### Aim of the exercise
Repeat the data that follows exactly, starting at the line with "Qui est le dernier" and ending at the line with "HonunGron 1.6m/2m/2.4m/3m Parapluie", and leave out every picture.

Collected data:
========================================

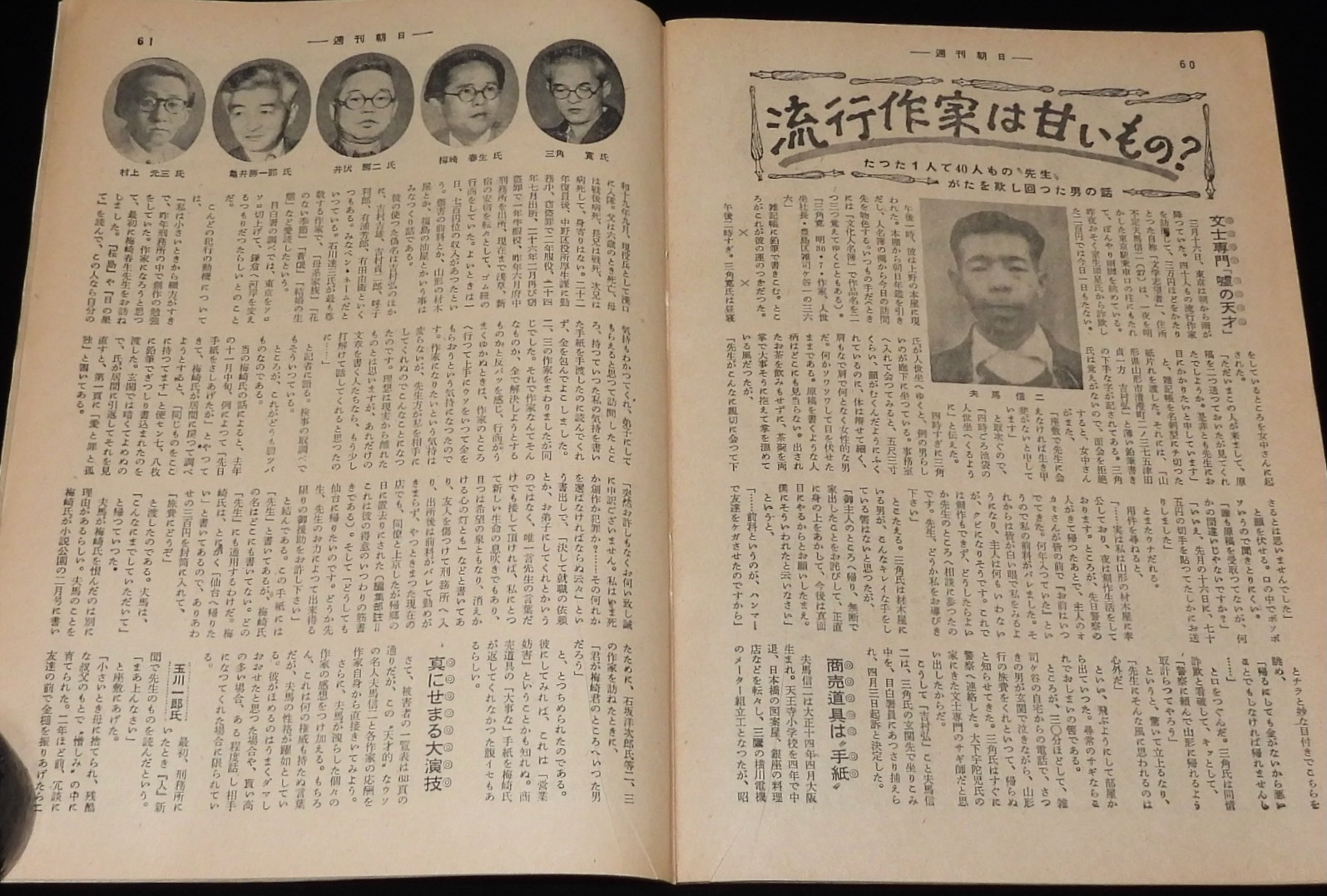 週刊朝日 昭和28年5/3号 妻を語る 白井義男/漫画家を切る/文士専門の嘘の天才
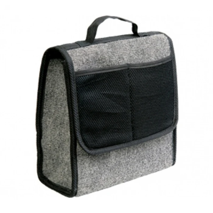 Компактный органайзер-сумка для автомобильного багажника. Сделан из прочного ковролина серого цвета с характерной фактурой. В таком органайзере можно разместить автохимию, инструменты, автоаксессуары.
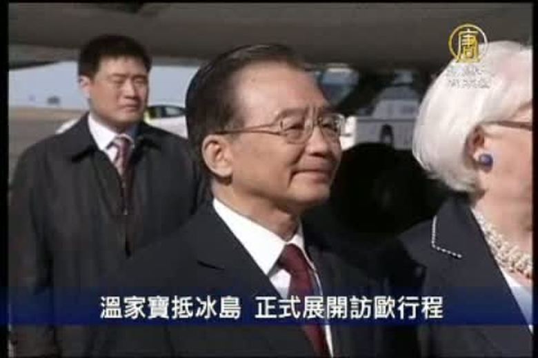 中共總理溫家寶在星期五(20日)抵達冰島首都雷克雅維克,正式展開這一次的歐洲訪問行程。溫家寶也是過去41年來,第一位訪問冰島的中共總理。溫家寶預計在冰島停留兩天。近年來,隨著中國與冰島的經貿關係往來密切,中國已經成為冰島在亞洲地區最大的貿易伙伴。溫家寶也表示,未來將與冰島在海洋、極地開發、航運等方面加強合作關係。在結束冰島的行程後,溫家寶將再轉往瑞典、波蘭、德國等地訪問,並出席在德國漢諾威舉行的工業博覽會。 //asset3.ntdtv.com.tw/public/uploads/video/2012/04/22/20120422-8016380.flv 溫家寶|訪問|冰島2012-04-21 21:37:39
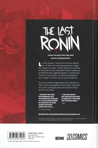 Qui est le dernier Ronin ? Le clan Hamato n'est plus et les Foot règnent sur un New York post-apocalyptique ravagé par les guerres civiles... mais le dernier survivant de la fratrie des Tortues rôde dans l'ombre. Hantée par les fantômes des tragédies passées, la mystérieuse Tortue se lance dans une mission désespérée pour venger l'honneur de sa famille disparue. Par les cocréateurs légendaires Kevin Eastman et Peter Laird, accompagnés de Tom Waltz, scénariste de la série principale, découvrez l'histoire finale des Tortues Ninja ! Un best-seller du New York Times "Un récit mature, en hommage aux dystopies de l'époque. Il y a du Blade Runner, du Akira et du Dark Knight Returns dans tout cela". The Mighty Blog "The Last Ronin est une déclaration d'amour à l'histoire des Tortues Ninja". CBR
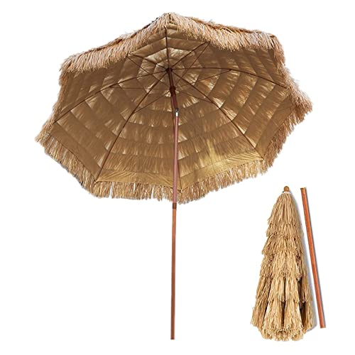 HonunGron 1.6m/2m/2.4m/3m Parapluie de Parasol de Paille de Plage hawaïenne Tropicale,Parasol De Jardin Exterieur,avec 8 Côtes Robustes, pour Le Camping en Plein Air (2.4M)
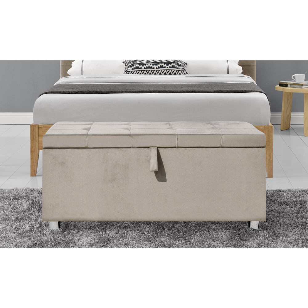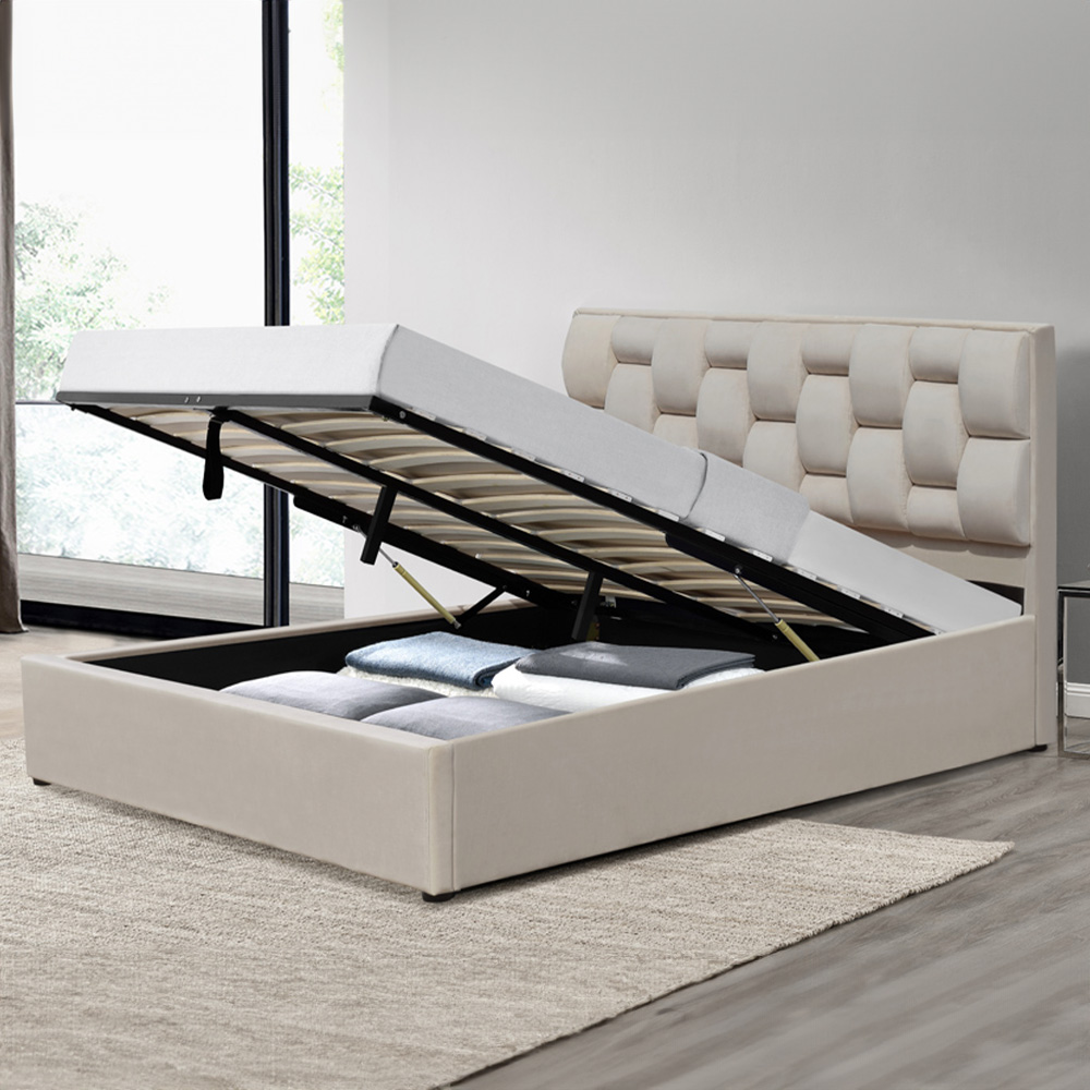 This stylish Brooklyn King Size Cream Plush Velvet Weaved Headboard Storage Ottoman Bed Frame With 2 Bedside Tables And Blanket Box is beautifully upholstered in a cream plush velvet. It features a unique weaved effect padded headboard. It is made from a solid wooden frame and has a sprung slatted base to give support to the mattress and give you a fully supportive and comfortable night's sleep. The ottoman aspect of this bed frame is operated using a gas lift mechanism that lifts up the mattress to reveal ample storage space. This bed frame is accompanied by 2 stunning upholstered bed side tables and a blanket box.
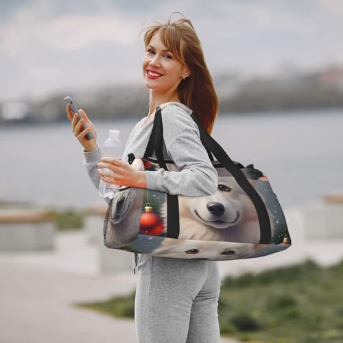 HOT ! Merry Christmas Dog Print Travel Duffle Bag - Foldable Personal Item Travel Bag for Women & Men,Carry-On Convertible Crossbody Tote Bags with Adjustable Shoulder Strap & Pockets 13x10.2x19.7 in

========================================

### Task response
 Qui est le dernier Ronin ? Le clan Hamato n'est plus et les Foot règnent sur un New York post-apocalyptique ravagé par les guerres civiles... mais le dernier survivant de la fratrie des Tortues rôde dans l'ombre. Hantée par les fantômes des tragédies passées, la mystérieuse Tortue se lance dans une mission désespérée pour venger l'honneur de sa famille disparue. Par les cocréateurs légendaires Kevin Eastman et Peter Laird, accompagnés de Tom Waltz, scénariste de la série principale, découvrez l'histoire finale des Tortues Ninja ! Un best-seller du New York Times "Un récit mature, en hommage aux dystopies de l'époque. Il y a du Blade Runner, du Akira et du Dark Knight Returns dans tout cela". The Mighty Blog "The Last Ronin est une déclaration d'amour à l'histoire des Tortues Ninja". CBR
 HonunGron 1.6m/2m/2.4m/3m Parapluie de Parasol de Paille de Plage hawaïenne Tropicale,Parasol De Jardin Exterieur,avec 8 Côtes Robustes, pour Le Camping en Plein Air (2.4M)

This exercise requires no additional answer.